Pemimpin berjiwa pancasila pun harus peka mendengar keluh kesah rakyatnya, Pemimpin yang mau mendengarkan keluhan rakyat merupakan pemimpin yang baik, dimana ia dapat mengetahui masalah yang sedang dialami oleh rakyatnya dan kemudian dapat dengan segera mencari solusi yang tepat untuk menyelesaikan masalah tersebut. Bukan malah menjadikan penderitaan rakyat sebagai objek untuk memperkaya diri sendiri, golongannya, pendukungnya atau konsitunennya.

Menjadi pemimpin itu haruslah adil, proporsional yang sudah dicontohkan Rosul kita,  yakinlah Pemimpin yang adil akan memberikan rasa aman dan nyaman bagi rakyatnya. Dengan demikian, diharapkan rakyat Indonesia akan mendapatkan kesejahteraan secara lahiriah dan batiniah.
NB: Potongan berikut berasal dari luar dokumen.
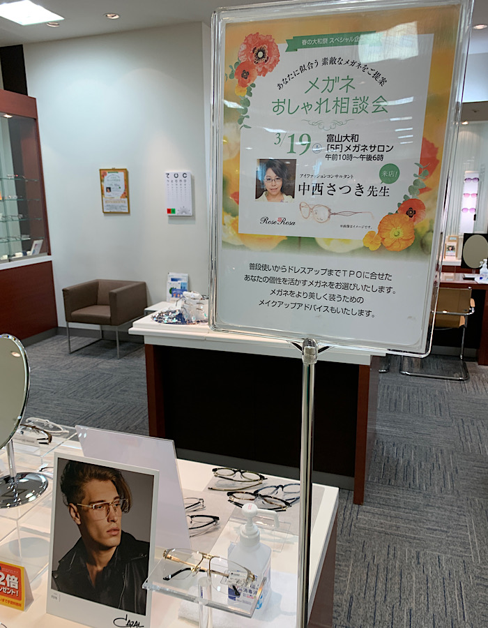3/19.20富山県、金沢市にある大和百貨店 様にて今年もメガネ相談会が開催されました。当協会、協賛にて代表 中西が担当にてお似合いになるメガネを選びメガネに合うメイクやカラーなど…

وَلَوْ أَنَّ أَهْلَ الْقُرَىٰ آمَنُوا وَاتَّقَوْا لَفَتَحْنَا عَلَيْهِمْ بَرَكَاتٍ مِنَ السَّمَاءِ وَالْأَرْضِ

Sekiranya penduduk negeri itu beriman dan bertakwa, pasti Kami akan limpahkan kepada mereka berkah dari langit dan bumi. [al-A’râf/7:96].

Harapannya dengan merefleksi nilai nilai yang terkandung dalam pancasila, melaksanakannya dalam kehidupan sehari hari, tidak mustahil jika bangsa ini akan menjadi bangsa yang kuat, baldatun thayyibatun wa rabbun ghafur.